Epifaniczny tom 11 – Dodatek I – str. 658

Przypowieści Salomona

Nie powinien niepotrzebnie świadczyć jeden przeciw drugiemu, gdyż ktoś może mieć skłonności do mówienia zbyt wiele (28). Nie powinni też postępować z innymi tak, jak oni postąpili z nimi, lecz z każdym tak, jak na to zasługuje (29). Posłannik Epifanii rozważył sferę pracy leniwych i bezdusznych (30) i znalazł tam chore wytwory, a prawdę i jej ducha zniszczone (31). Zwrócił na to szczególną uwagę dla własnej korzyści i wyciągnął z tego niezbędną przestrogę (32). Jeśli ktoś pozwala sobie na lenistwo (33), jego nędza spadnie na niego jak od rabusia, a niedostatek jak od uzbrojonego bandyty (34).

      Przypowieści Salomona z rozdziałów 25-29 najwyraźniej zostały spisane niezależnie od poprzednich przez pewnych pisarzy na polecenie Ezechiasza, typu wydawców Biblii, co wyróżnia je jako oddzielne i inne od poprzednich przypowieści (25:1). Chwałą dla Pana jest ukrywanie w Biblii prawdy, aż do właściwego czasu, a przywilejem Posłanników Paruzji i Epifanii jest badanie jej w słusznym czasie i jasne przedstawianie ludowi Bożemu (2).
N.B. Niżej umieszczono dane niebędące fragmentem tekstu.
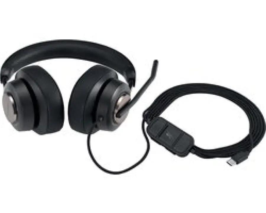 De headset heeft een 1,8 meter lange USB-C-kabel van gevlochten nylon die niet snel in de knoop raakt. De kabel wordt geleverd met een USB-C-naar-USB-A-dongle, zodat je hem makkelijk aansluit op verschillende apparaten. Deze bedrade verbinding zorgt voor een stabiele verbinding en geeft je de vrijheid om af en toe even op te staan tijdens lange gesprekken. Bovendien wordt de headset geleverd met een handige flanellen reistas om hem veilig mee te nemen.

Symboliczne niebiosa mogą być zgłębiane w celu odnalezienia wzniosłych prawd, a społeczeństwa w celu znalezienia grzechu i błędu, lecz umysł, serce i wola obydwu Posłanników z końca Wieku nie mogły być zrozumiane, aż przyszedł właściwy czas na ich odsłonięcie (3). Gdy utracjusze koron zostaną oczyszczeni od śmieci samolubstwa i światowości, staną się dla Pana odpowiednimi naczyniami do niesienia Boskiego poselstwa innym (4). Członkowie wtórej śmierci mają być pozbawieni urzędów służby związanych z Posłannikiem Epifanii, a jego urzędowe władze staną się trwałymi w prawdzie, sprawiedliwości i świętości (5). Nikt nie powinien przyjmować dla siebie żadnych z jego przywilejów ani zakładać, iż jest kimś wielkim (6), ponieważ lepiej jest czekać na wywyższenie od Pana przed wodzem, niż być zdegradowanym przez tego, którego uważa się za wodza (7). Niech nikt pochopnie nie wchodzi w spór, jak uczynił to pan Knock wobec Posłannika Epifanii, by podobnie jak on, nie mogąc do końca obronić swych poglądów w dyskusji, nie popaść w zamieszanie przed przeciwnikiem, jak uczynił to pan Knock (8).